博士 実はこの諸行無常と諸法無我は仏教の教えの中では三法印(さんぽういん)と呼ばれているものに含まれておる.
ヒヨコ君 三法印...ではなくですか?
博士 そうじゃ.即ち諸行無常諸法無我と,もうひとつ重要な世界観(法則)があるということじゃ.
ヒヨコ君 なんですかそれは(ワクワク).
博士 涅槃寂静(ねはんじゃくじょう)というものじゃ.
ヒヨコ君 ねはんじゃくじょー?
博士 例えば前回の例でバケツにインクを落とした場合の話じゃが,あれは最終的にはどのようになるのであったかな?
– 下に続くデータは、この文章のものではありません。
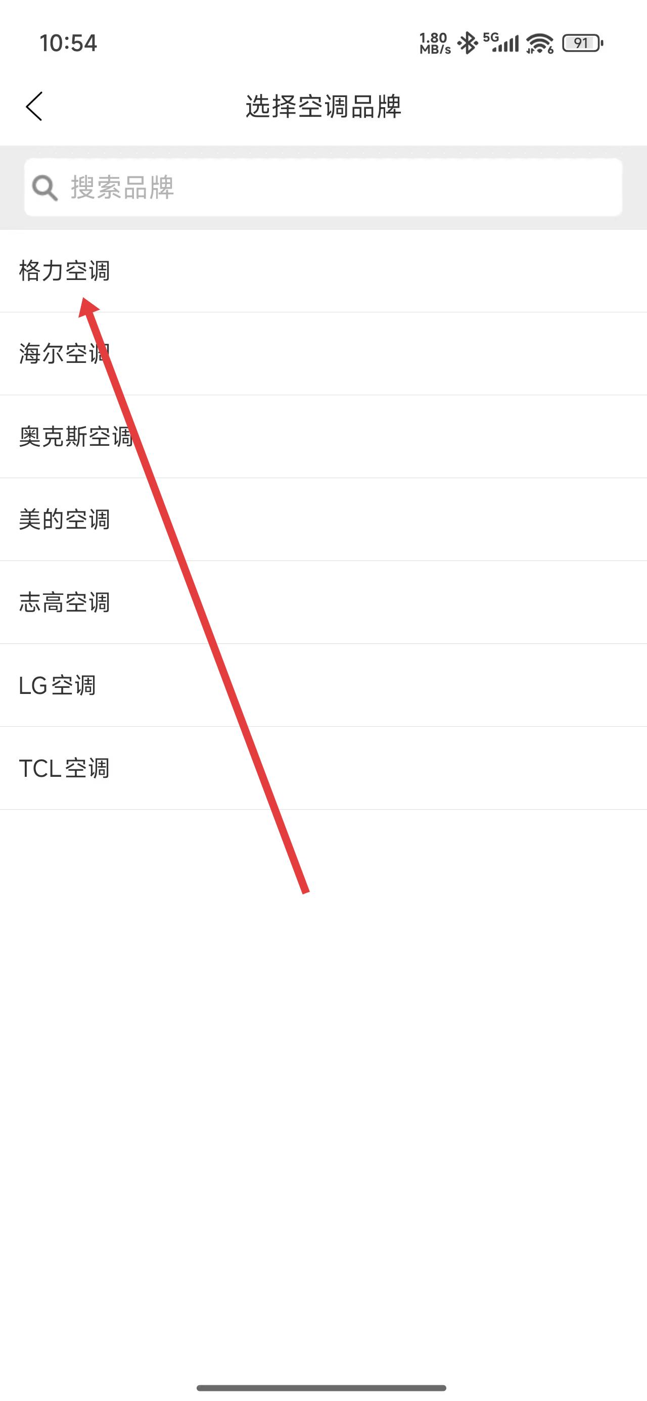 3、可以點(diǎn)擊選擇要添加紅外線的空調(diào)品牌如格力空調(diào)。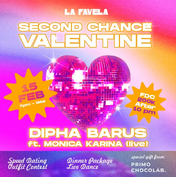 La Favela’s Second Chance Valentine On February 15th, love takes center stage as we transform the dance floor into a haven of romance. Indulge in a delightful romantic dinner starting from 7pm, or seize the opportunity to meet your perfect match (for free) during our speed dating event from 8 to 10pm. If flying solo, enjoy complimentary flow cocktails and dance the night away as we welcome the beats of DJ Dipha Barus & Monica Karina! Make sure to dress to impress in your finest Valentine's Day attire for a chance to win a special prize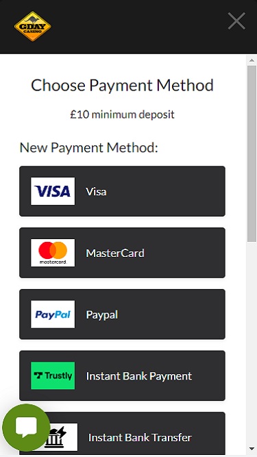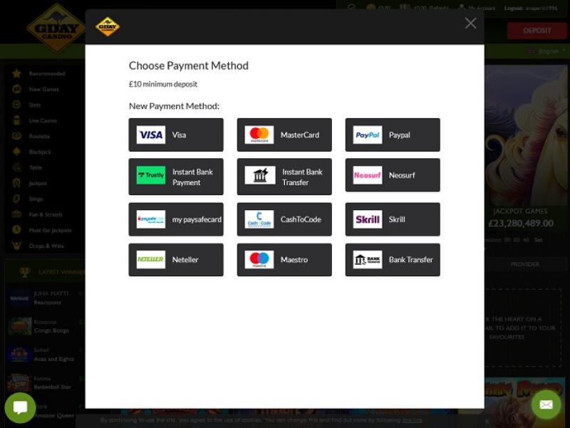 يعمل كازينو G'Day بواسطة Microgaming, Net Entertainment, 1x2gaming, Barcrest, Big Time Gaming, ELK Studios, Evolution Gaming, EYECON, Ezugi, Genesis Gaming, lightningboxgames, Play'n GO, Quickspin, Rabcat, Relax Gaming, Endorphina, Realistic Games, Pragmatic Play, Nolimit City, Felt Gaming, Red Tiger Gaming, Skillzzgaming, Fantasma Games, ReelNRG, FUGA Gaming, Kalamba, Revolver Gaming, Sigma Gaming, Concept Gaming, Northern Lights Gaming, Electric Elephant Games, Pocket Games Soft, Bulletproof Games, All41 Studios, Gameburger Studios, Pulse 8 Studios, Neon Valley Studios, Golden Rock Studios, HungryBear Gaming, GONG Gaming, On Air Entertainment, Buck Stakes Entertainment, Games Global, 2by2 Gaming, Ainsworth, Bally Technologies, Blueprint Gaming, Endemol Games, Games Warehouse, Greentube, Leander Games, Merkur Gaming, multicommerce, NYX Interactive, Probability, Push Gaming, Inspired Gaming, Cayetano, SG Interactive, Red7Mobile, CORE Gaming, Authentic Gaming, Iron Dog Studio, Old Skool Studios, Foxium, Betdigital, Just For The Win, Reflex Gaming, Bla Bla Bla Studios, MetaGU, PearFiction Studios, Apollo Games, Fortune Factory Studios, Jade Rabbit Gaming, Green Jade Games, 4ThePlayer, Crazy Tooth Studio, High 5 Games, Mutuel Play, Pirates Gold Studios, SGS Universal, Alchemy Gaming, BB Games, Black Pudding Games, Hacksaw Gaming, Max Win Gaming, Gold Coin Studios, Half Pixel Studios, SilverBack Gaming, Eurostar Studios, Armadillo Studios, Lucksome Gaming, RAW iGaming and Leap Gaming ، مما يمنحه مكتبة ألعاب ضخمة تضم عشرات العناوين. يُمكن الوصول إلى الكازينو عبر منصة ويب، ما يعني إمكانية اللعب مباشرةً عبر متصفح الويب. كما يوفر الكازينو موقعًا للهواتف المحمولة لمن يرغبون في اللعب عبر هواتفهم الذكية وأجهزتهم اللوحية.خيارات الخدمات المصرفية في G'Day Casino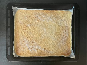 När kakan kommer ur ugnen så strör jag socker på ovansidan, lägger ett bakplåtspapper ovanpå, tar en plåt och lägger överst, sen vänder jag på alltihop. Drar av pappret som nu ligger uppåt och för kakan på pappret, upp på ett galler, så att den kan svalna.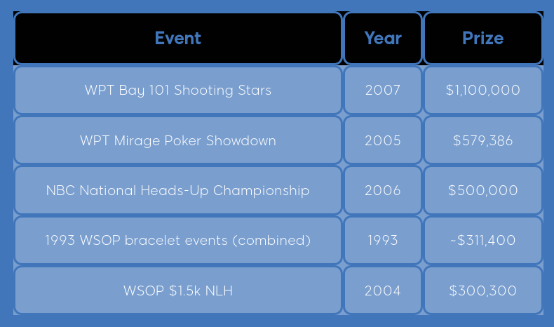 His largest single prize came not from the WSOP but from the 2007 Bay 101 Shooting Star. He won $1,100,000 after the longest heads-up match in WPT history.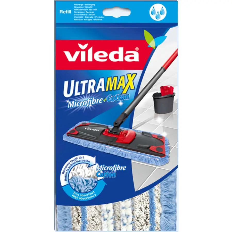 Microfibre + cotton replacement mop for Vileda UltraMax plate frame mop. Suitable for damp and wet cleaning of waterproof materials, clinker and plastic carpet. The replacement mop is made of microfiber, which easily cleans stubborn dirt, and highly absorbent cotton. The loops of the mop collect dust and dirt. The UltraMax Microfibre&Cotto replacement mop is suitable for the Vileda UltraMax sheet frame mop and the Vileda 1-2 Spray ready-to-use mop. Machine wash: 60°C, no fabric softener or tumble dryer.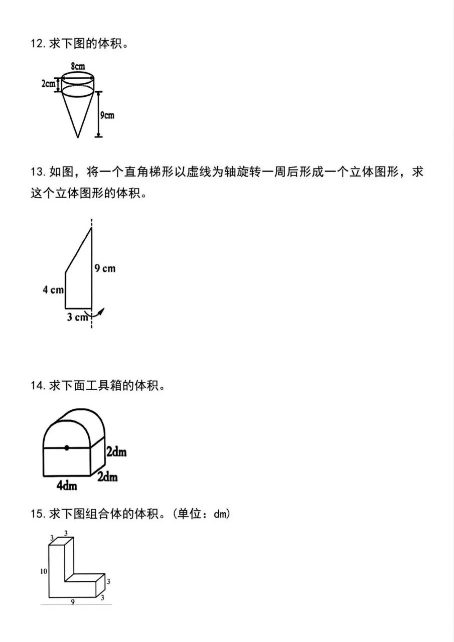 10. 容积计算:规则容器(圆柱、圆锥)用对应体积公式计算,注意单位换算。

ヒヨコ君 ええと,水とインクが混ざり合って最終的には水全体が均一に薄いインクの色になります.
博士 その後は?
ヒヨコ君 その後はずーっと均一に薄いインクの色のままです.
博士 その通り.それが涅槃寂静じゃ.
ヒヨコ君 といわれても...
博士 例えば振り子を揺らしてそのままほうっておくとどうなる.
ヒヨコ君 最終的には止まりますね.
博士 その後は?
ヒヨコ君 その後はずーっと止まったまんまです.
博士 その通り.それが涅槃寂静じゃ.
ヒヨコ君 なんか禅問答みたいでよく分かりません.
博士 要は前回までの法則(諸行無常と諸法無我)が成り立つ世界ではすべての物事は最終的には安定した状態になるということじゃ.その安定するまでの時間に関しては数秒で安定するものもあれば数億年かかるようなものもあるがな.
ヒヨコ君 博士,おかしいです
博士 何がじゃ.
ヒヨコ君 確かにバケツの水とインクや振り子の場合のような物理的なものはそうなるでしょうが,人間は違うような気がします.
博士 どこが?
ヒヨコ君 年をくっても暴れまわっている人もいるし,余計にこだわりが増えて頑固になる人がよくいます.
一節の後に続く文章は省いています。